→ **What is expected**:
Beginning with the line that contains "Okrągły świecące elementy", reproduce every line through the end of the records below exactly, and leave the pictures out.

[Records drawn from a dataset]
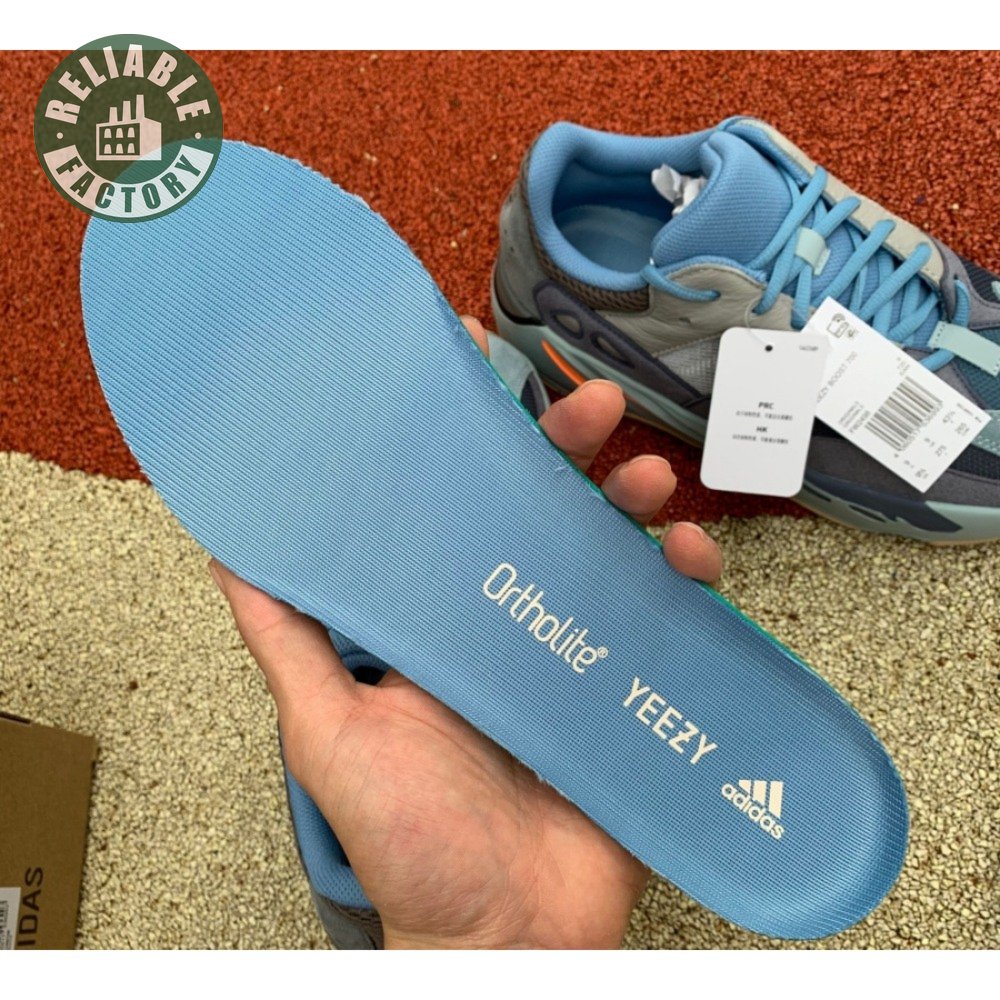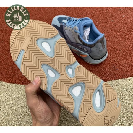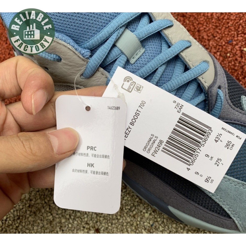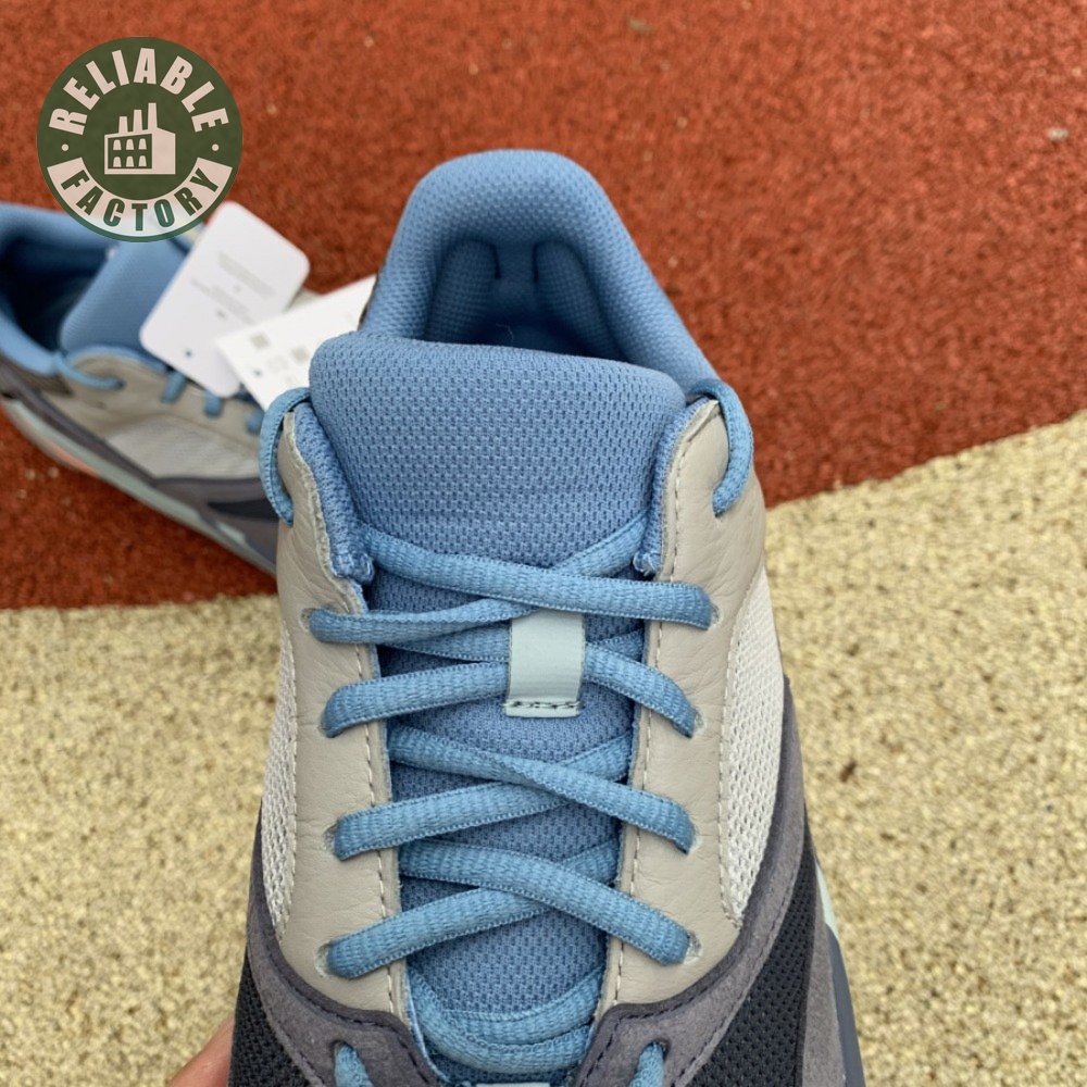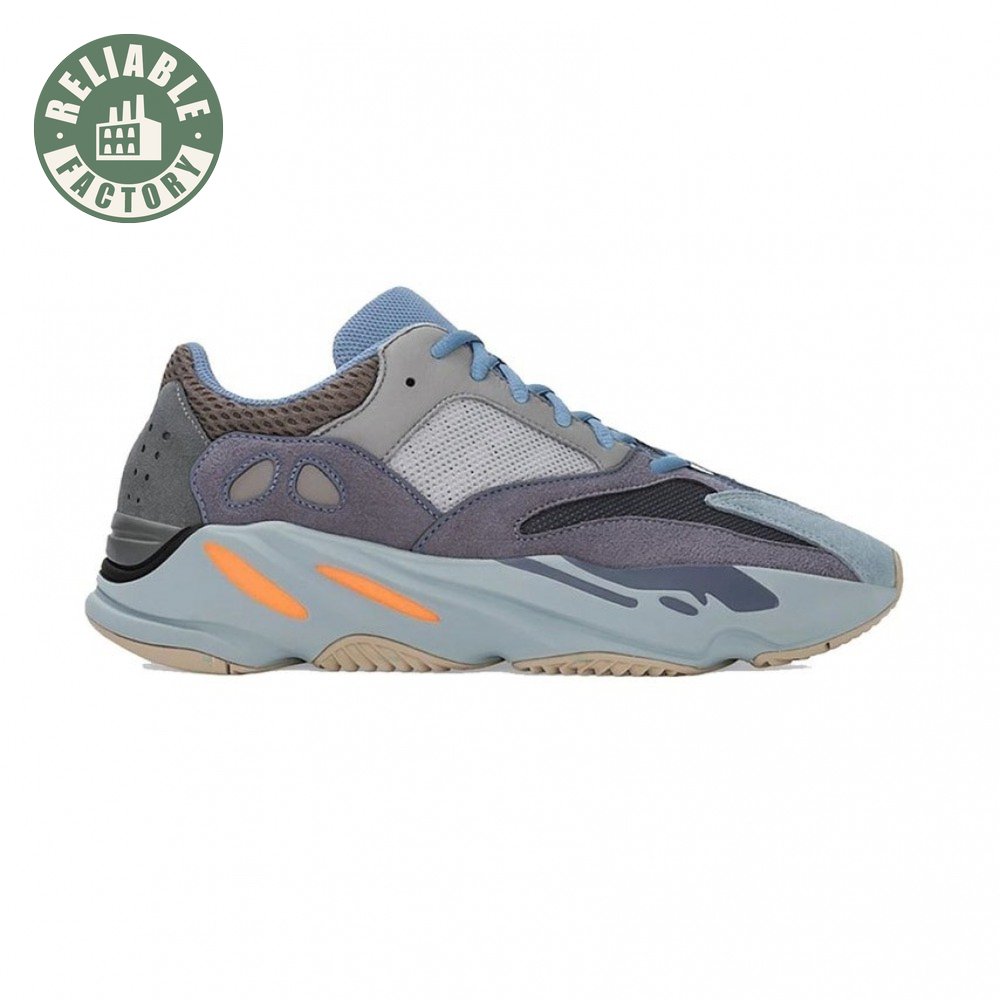 The adidas Yeezy Boost 700 'Carbon Blue' is a study of tonality inspired by previous 700 models. Debuted in December 2019, the sneaker is presented with a muted blue scheme across the upper's suede and nubuck panels with the tongue and laces in a bright tint. Grey tones for the mesh collar, perforated heel panel and leather eyestays anchor the palette. A sculpted midsole housing full-length Boost, with defined pops of color and dual-tone rubber outsole finish it off.
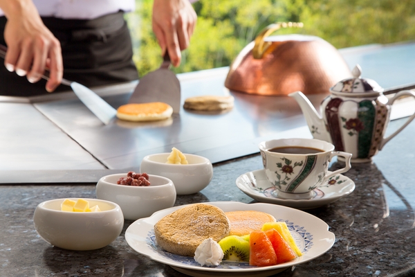 シェフが目の前で焼き上げる日替わりのご当地パンケーキとティーをご到着後のひとときにお愉しみいただけます。
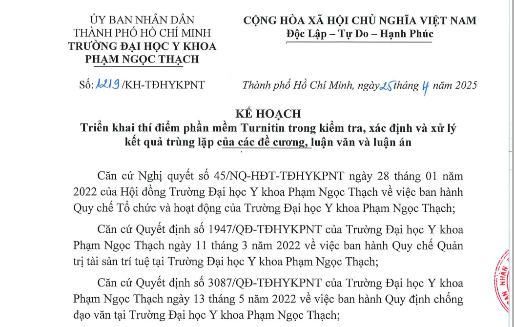 Kế hoạch triển khai thí điểm phần mềm Turnitin trong kiểm tra, xác định và xử lý kết quả trùng lặp của các đề cương, luận văn và luận án
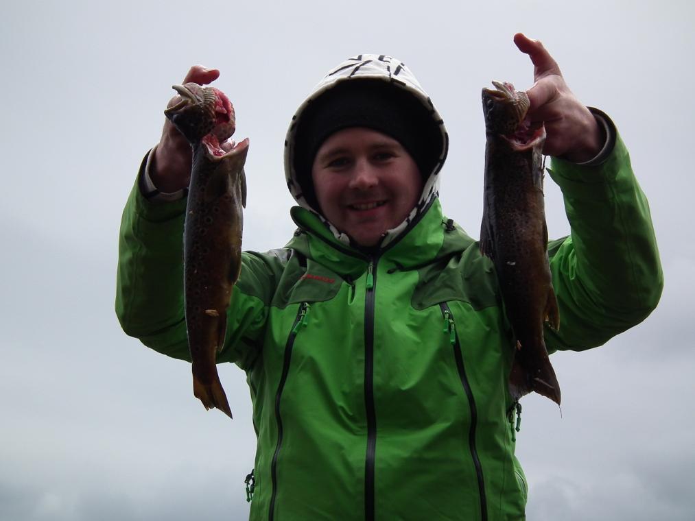 Etter frokost drar vi alle mann alle bort til Flekevatn og fisker der. Det biter og biter stor ørret. Alle mann får fisk. Alt fra 550gr til 1kilo.
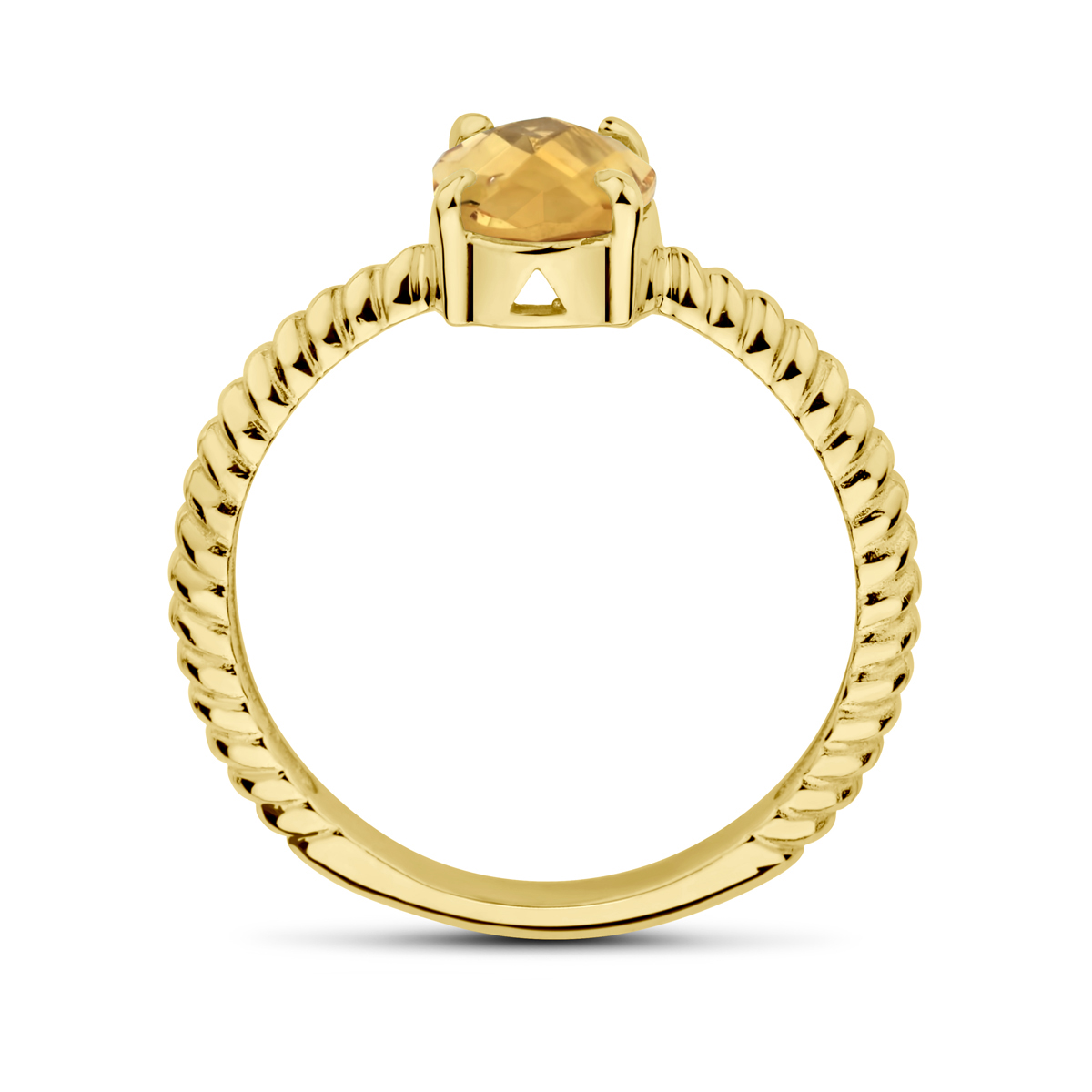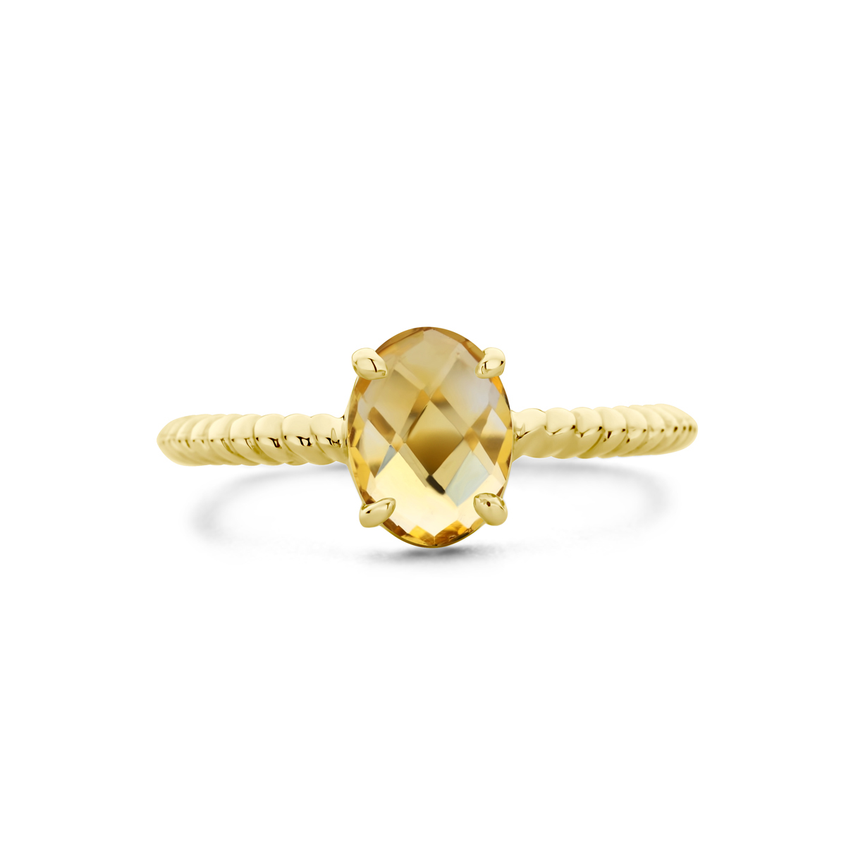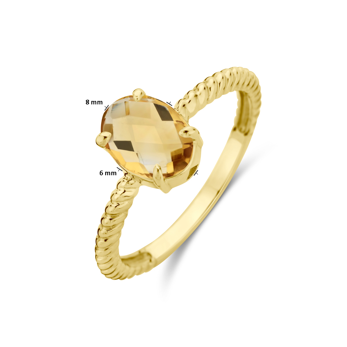14k Geelgouden ring uitgevoerd met citrien. De steen heeft een afmeting van 8x6mm.
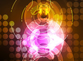 Okrągły świecące elementy na ciemnym miejscu streszczenie tło
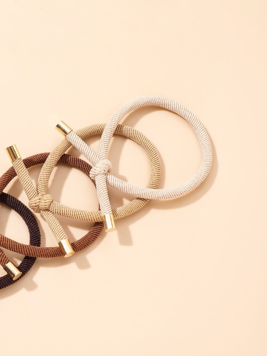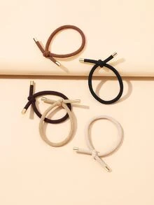 5 pièces Attache de cheveux décorative nouée, support de queue de cheval décontracté, élastique à cheveux

→ **The completed task**:
 Okrągły świecące elementy na ciemnym miejscu streszczenie tło
 5 pièces Attache de cheveux décorative nouée, support de queue de cheval décontracté, élastique à cheveux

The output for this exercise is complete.